Devising an Information Governance Strategy

The Trends:

• In 2010 courts within every federal circuit have issued at least one e-discovery opinion.
• The U.S. Supreme Court decided a case which presented potential e-discovery implications
• The New Jersey Supreme Court issued an opinion concerning the attorney-client privilege and an employee's personal use of an employer-issued computer.

Steve Akers (DigitalReef founder) gives a concise and reasoned approach on how and why corporate legal counsel and their IT departments should get ahead of the problem's created by the absence of an information governance strategy.

Originally posted on the AIIM Blog Digital Landfill

1 --Knowing Why You Need It.

Information Governance ultimately means being able to transform un-managed information into valuable business assets.

It provides enterprise readiness to proactively service the legal and compliance policies in today’s business and it requires continuous visibility, trust and control across all of your digital information.

With the combination of new government mandates, increased corporate accountability, and the digital information explosion, it is a necessity to have a holistic view of all information. With the right governance strategy, business will have insight into unstructured content while complementing existing investments in content management, email, archiving and storage management.

2 --Consider the Source.

When devising an information governance strategy, first consider all the different sources of information within your organization.

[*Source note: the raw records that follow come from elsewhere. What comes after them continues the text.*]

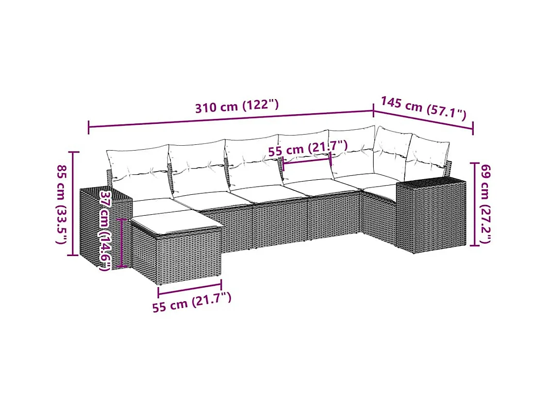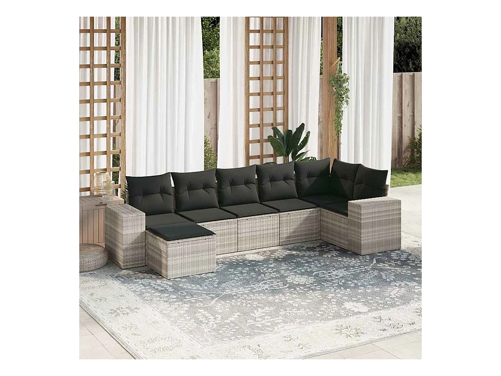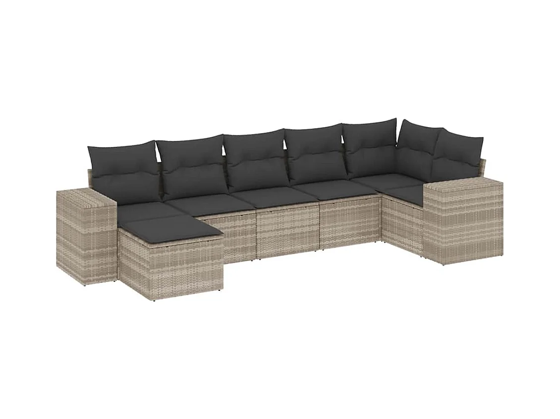 7 peças conj. sofás jardim com almofadões vime PE cinzento-claro
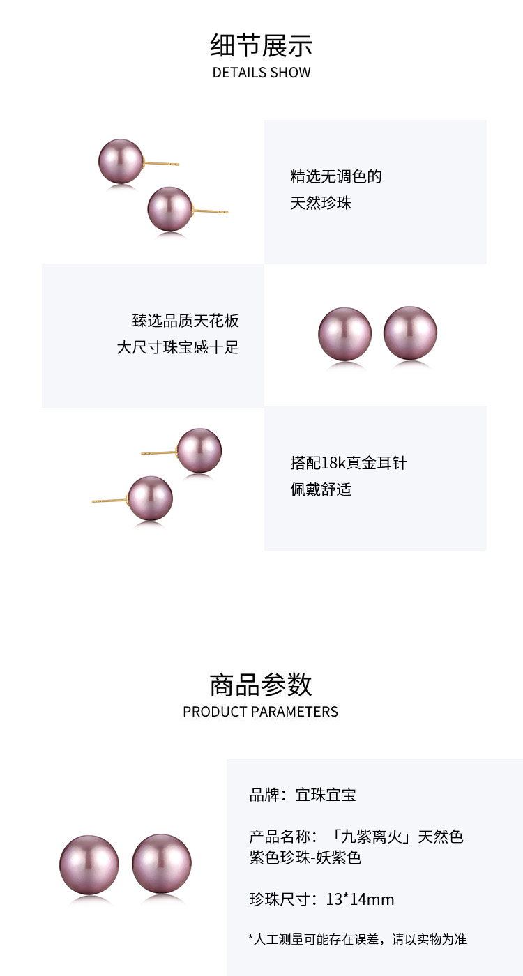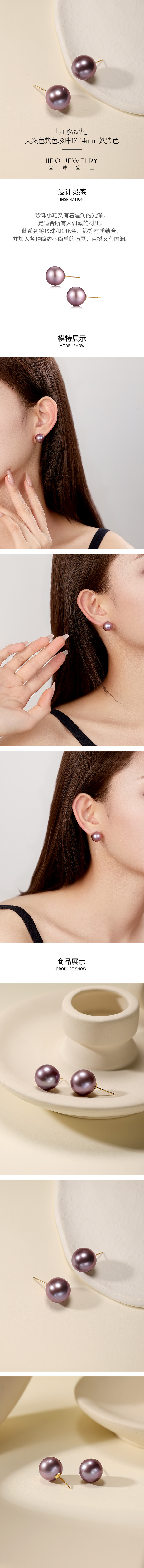 IIPO宜珠宜宝「九紫离火」天然色紫色珍珠13-14mm-妖紫色(礼盒装)
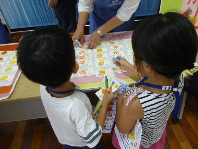 おかいものゲームは2回挑戦し、2回目は交換したいものを班のお友達と一緒にお店屋さんに交換しに行きました。
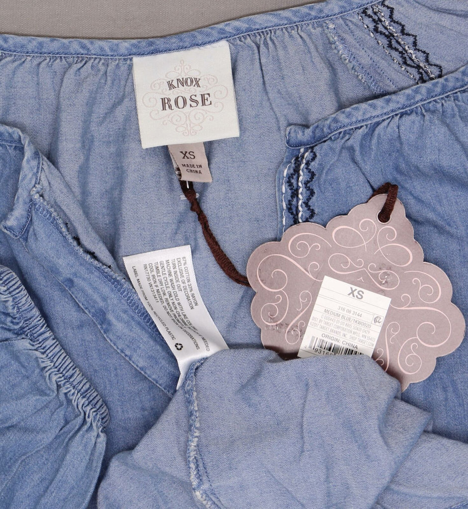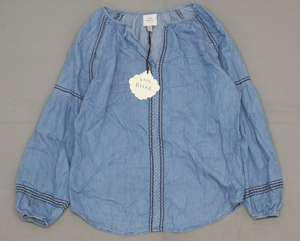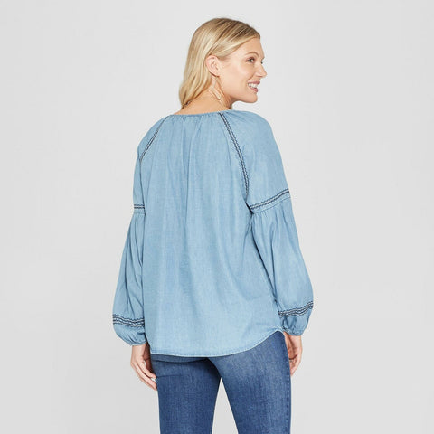 You'll be the picture of peace and love in this hippie-inspired Long-Sleeve Tencel Popover Top from Knox Rose. This cotton-blend, balloon-sleeve top is made of soft, lightweight fabric in a pretty blue shade. The relaxed fit and embroidered zigzag designs on the sleeves and front bring cool retro vibes to this long-sleeve peasant top, but the comfy fabric and long hem keep it versatile enough to style how you like by adding accessories. Pair it with dark skinny jeans and layered simple necklaces, or go full hippie in oversized hoop earrings and bell bottoms.
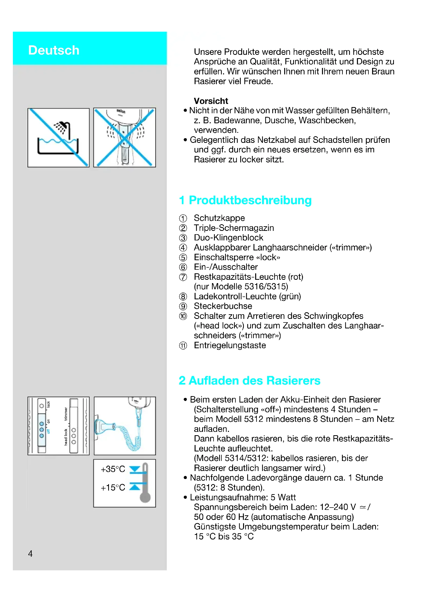 5465151_FI5312_16_S3 Seite 1 Mittwoch, 4. Dezember 2002 2:28 144 Unsere Produkte werden hergestellt, um höchste Ansprüche an Qualität, Funktionalität und Design zu erfüllen. Wir wünschen Ihnen mit Ihrem neuen Braun Rasierer viel Freude. Vorsicht
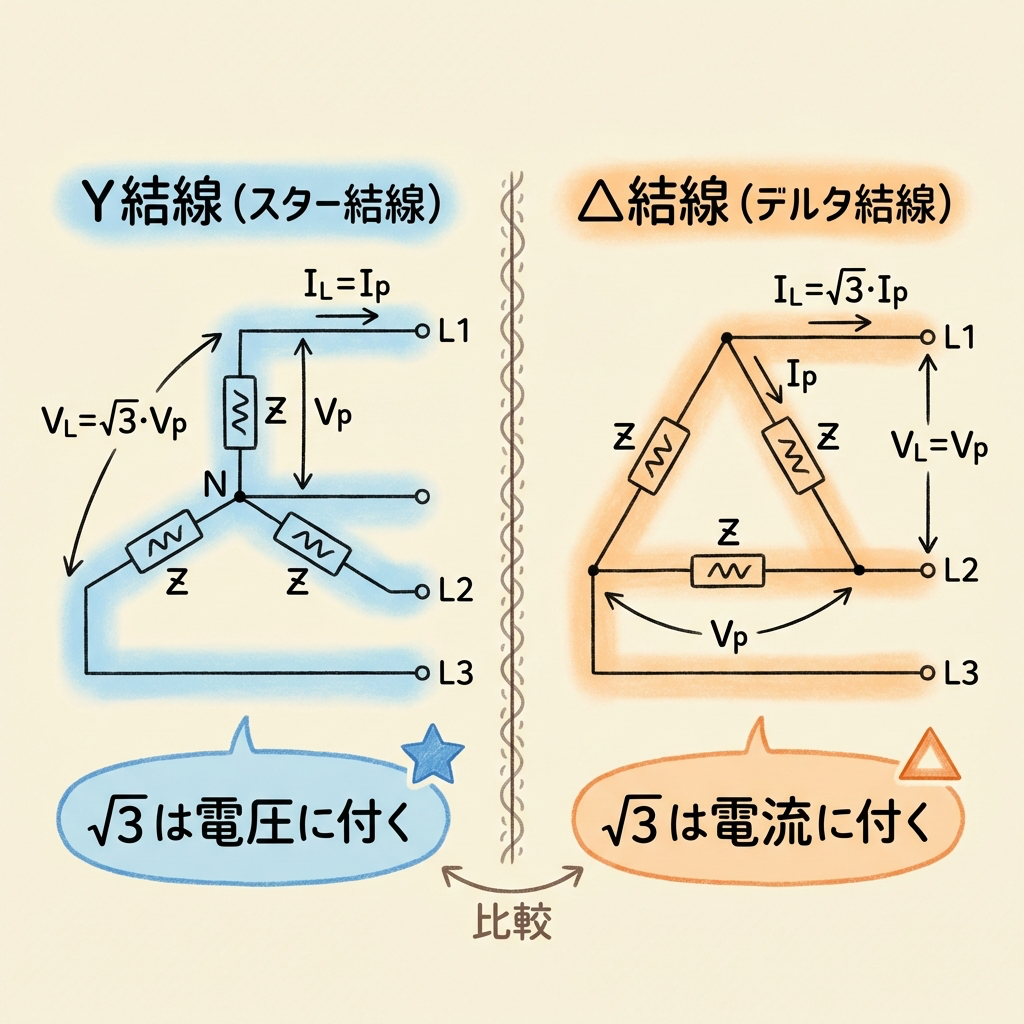 ✅ Y結線とΔ結線の特徴と√3の位置を覚えた
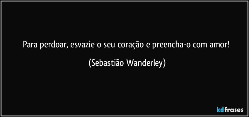 Para perdoar, esvazie o seu coração e preencha-o com amor! (Sebastião Wanderley)
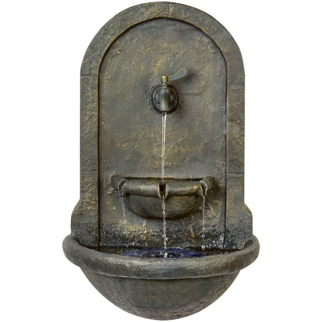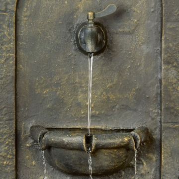 Premier Solar wall-mounted water feature in distressed bronze effect resin with a tap feature is sure to bring intrigue and uniqueness to your outdoor spaces. The water feature is solar powered, hence requires no wiring for installation, just position in full sun. The internal battery stores power for continued use. Install it on a fixed wall and watch as the water flows around. The peaceful and tranquil sound of the water flowing will aid restful afternoons out in the sunshine. The water feature is lit with warm white LEDs for a soft ambient glow.
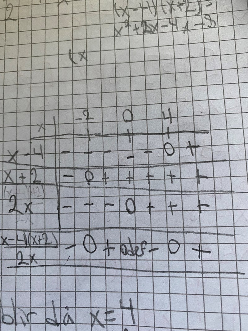 ((x^2)-2x+8)/2x >/ 0 vilket jag i sin tur förenklade till (x-4)(x+2)/2x >/ 0
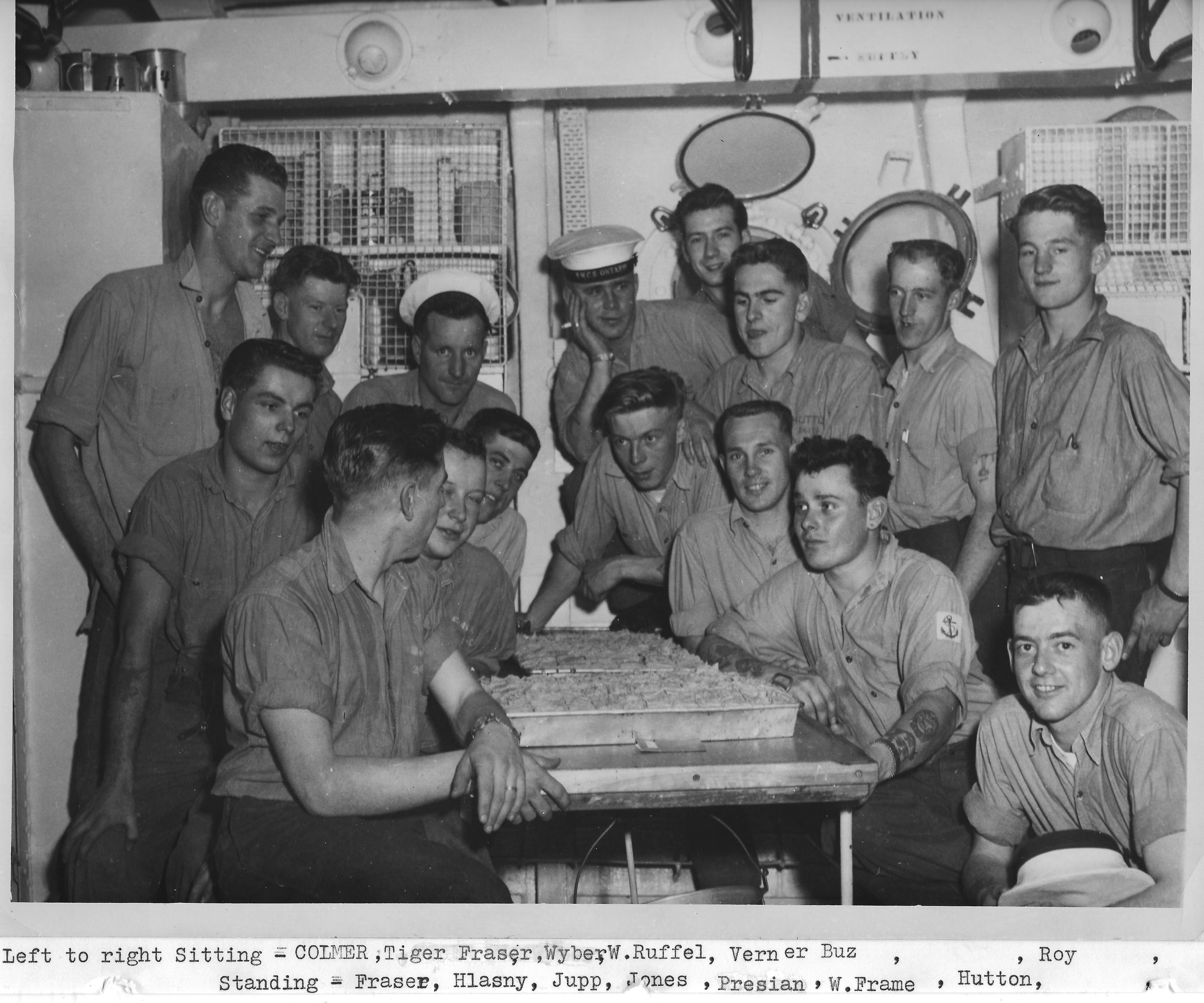 (SH122) Crew members of HMCS ONTARIO - April 1957. Cake for the cleanest mess - heading home to Esquimalt // (1) Fraser (2) Colmer (3) Tiger Fraser (4) Wyber (5) W. Ruffel (6) Verner Buz (7) unknown (8) Roy (9) Steve Hlasny (10) Jupp (11) Jones (12) Presian (13) W. Frame (14) Hutton (15) unknown (16) unknown // Click here to see the photo with everyone numbered (SH123) The Trillium Times - HMCS ONTARIO shipboard newspaper - Stats for the 1957 Spring Cruise (SH124) Crossing the Line wallet card - Steve Hlasny (SH125) Ma-Day, Fergy, Webster (SH126) Unknown sailor with Steve Hlasny (right) - July 1957
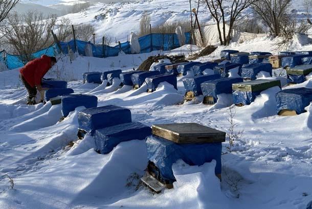 Bu arılı kovanların yaklaşık yüzde 10'u da kar altında kışı geçiriyor. Merkeze bağlı Çataldere köyünün muhtarı Necdet Bilgin de arılarını kar altında kışlatan arıcılardan biri.
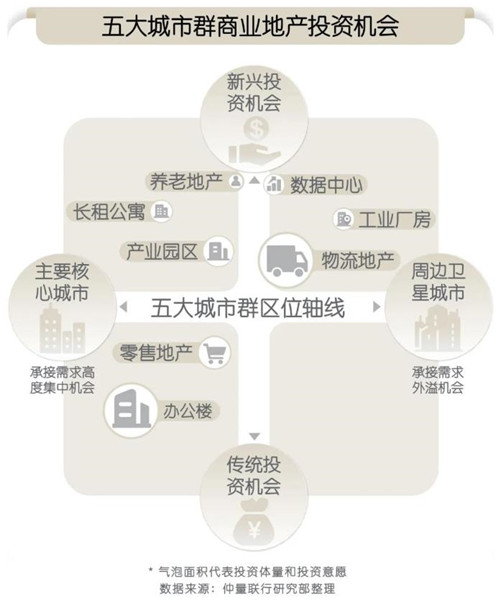 仲量聯(lián)行近日發(fā)布的《中國5強:從世界級城市到世界級城市群》白皮書認為,未來,五大城市群商業(yè)地產(chǎn)投資機會有望加速提升,各房地產(chǎn)物業(yè)類型將呈現(xiàn)多元化、多層次機會。前瞻性的城市群戰(zhàn)略布局將為企業(yè)和投資者帶來多元化收益。
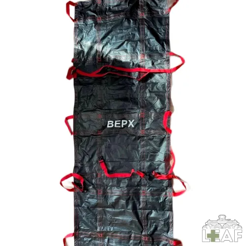 Носилки LEAFVAC Тканевые ультралёгкие носилки то Проекта LEAF. • Изготовлены из армированного нейлона. • Выдерживают переноску любого бойца в снаряжении. • Прошиты стропами по всему полю носилок, 8 боковых ручек и 2 спереди и сзади, стяжки крепления рук и ног. • Перевернув носилки, можно показывать вертолёту место посадки. Габариты: • Длина – 190 см. • Ширина – 70 см. • Вес – 528 г.
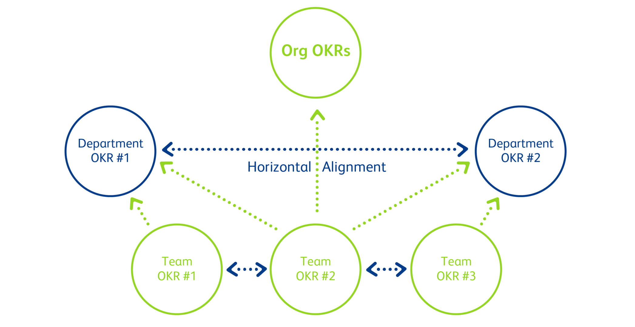 The three alignment mechanisms as described above foster affinity and transparency in the organization. Connecting teams under the umbrella of a joint objective allows everyone to become responsible for supporting each other and accomplishing goals. The important objectives connect everyone in the organization vertically, horizontally, and diagonally. The top-down alignment brings more meaning to the respective work, while bottom-up OKRs cultivate engagement and foster innovation.
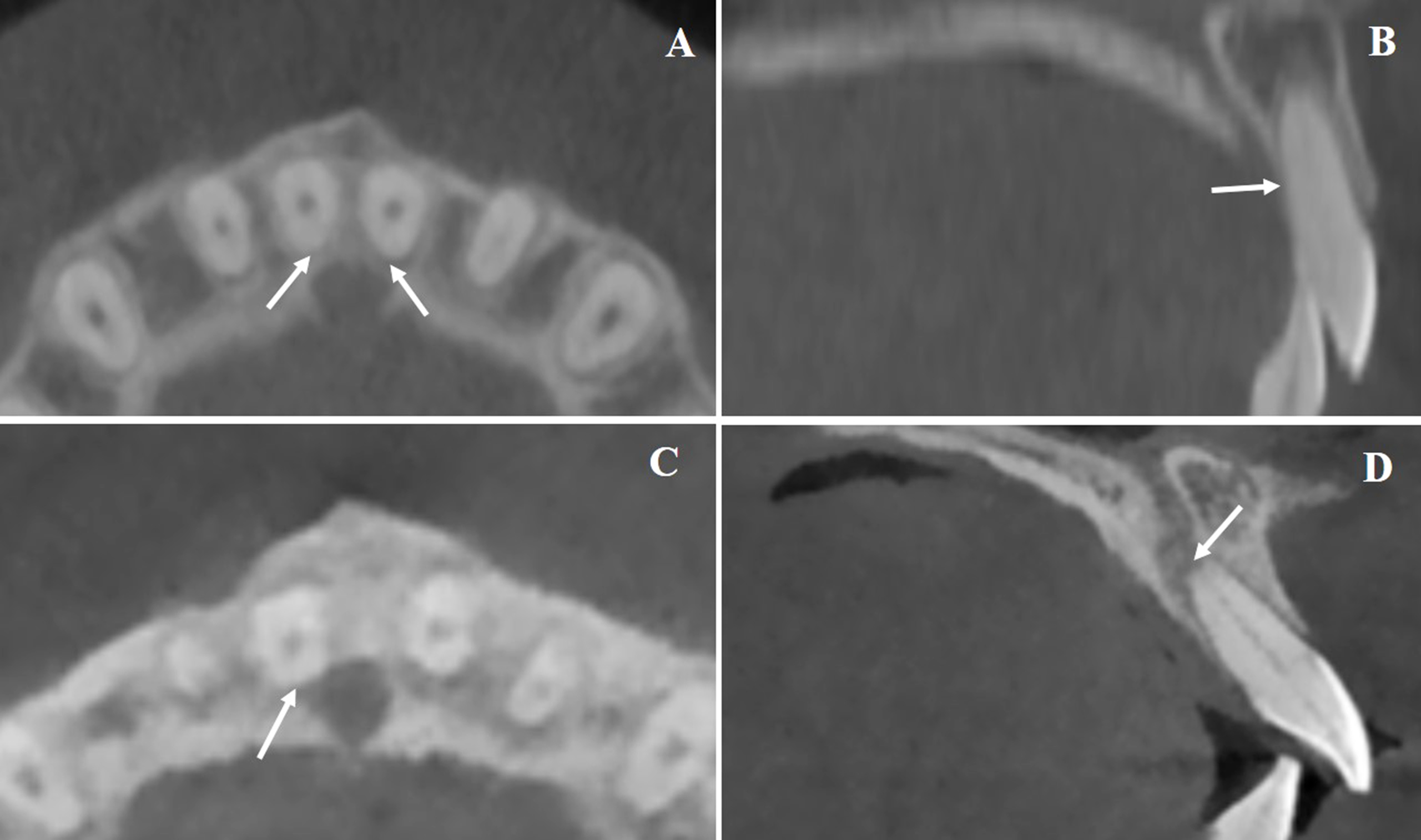 Representative Patterns of U1 Root and Incisive Canal Proximity. A and B. Representative CBCT images showing direct contact between the incisor root and the lateral wall of the incisive canal (highlighted by arrows). C and D. Examples illustrating root invasion into the IC lumen, with cortical disruption clearly visible (indicated by arrows).

• Network Attached Storage devices with potentially hundreds of millions of files
• NT file server farms that contain shared repositories of essentially invisible information
• Ubiquitous SharePoint farms that are sprouting like spring flowers.
• Email repositories and perhaps several types of content management systems (Documentum, FileNet, OpenText, etc.).

In order to govern this information, these sources all need to be accessed, their contents analyzed, and the results made visible from a single interface. In most environments, this single view of data across multiple sources or repositories is impossible to achieve and leads to incomplete collection and identification, let alone governance of data.

3 --Data Analysis Must be Virtualized.

The strategy cannot omit critical sources of information or assume that one single archive will be built (thus doubling the aggregate size of the information involved in the strategy). It is important to have an email archive, but it is incorrect to assume that all the sources of relevant information across an enterprise will be re-committed to an archive for purposes of a governance strategy. The governance of information must be undertaken from a system that can understand data where it lives.

4 --Search is Not Enough.

The logical first response by IT people is to specify an enterprise search platform and use that as basis for the corporate governance strategy. The problem with this is that governance transcends the mere identification of information. This approach is fairly inflexible and misses the other aspects of a governance strategy: insight and control or management of content. A governance strategy must include identification of relevant information, insight into the information that was identified (how does the information relate to other content within the enterprise; regardless of location) and control or management of the information. The first is merely search, the second is accomplished with search combined with analytics.

5 --Automation is the Necessary Ingredient.

The above aspect of the problem highlights that governance requires technology to aid the process by automating the identification of similar content. A self-classification capability is the key to making data governance possible by making relevant data visible. Automation has been the missing ingredient that has kept true governance from being possible. A machine-learning platform that can guide the human reviewer to content with similar characteristics is the key to solving the problems that surface when attempting to implement a strategy of governing information. Human beings must make governance decisions but often don’t know where to start; automated learning techniques give them the place where they should start the process.

6 --Scale, Extensibility and Ease of Deployment.

In the modern governance era, solutions will include an ability to extend almost infinitely across larger and larger data sets with little or no provisioning of storage and server capacity being necessary. These solutions will also have a portable indexing capability that can be expanded as the data within the enterprise expands.

To date, there have been appliances that provide some insight into the content being accumulated for a specific purpose or project, but there has not been a scalable governance platform that can aggregate a view of all the data in place that is relevant. In order to allow IT professionals to govern enterprise information, governance architecture must be extensible across commodity hardware, fit into the virtual server environments of modern data centers and deploy easily.

7 --You Need to Go Global.

Having an additional capability to move an entire index and analyze it without having to remove the data from a particular country is a key component of a governance strategy. Emerging technologies will allow an index, not the data itself, to be removed to a remote location where the data can be analyzed with forcing it to be removed from the local country. These kinds of features are part of a total governance strategy that would be ideal in a global information environment. Data is global and therefore, solutions must be global in scope and local in use and analytics.

8 --Don’t Forget Security.

Data governance, particularly for legal matters, is an ongoing process with a definite life-cycle. Over the course of reviewing content pertinent to legal and other regulatory matters, different individuals with different levels of permitted access will be required to view certain documents. Allowing different classes of users to view data with certain characteristics at different times is a key attribute of a governance platform and this must be accounted for in a governance strategy.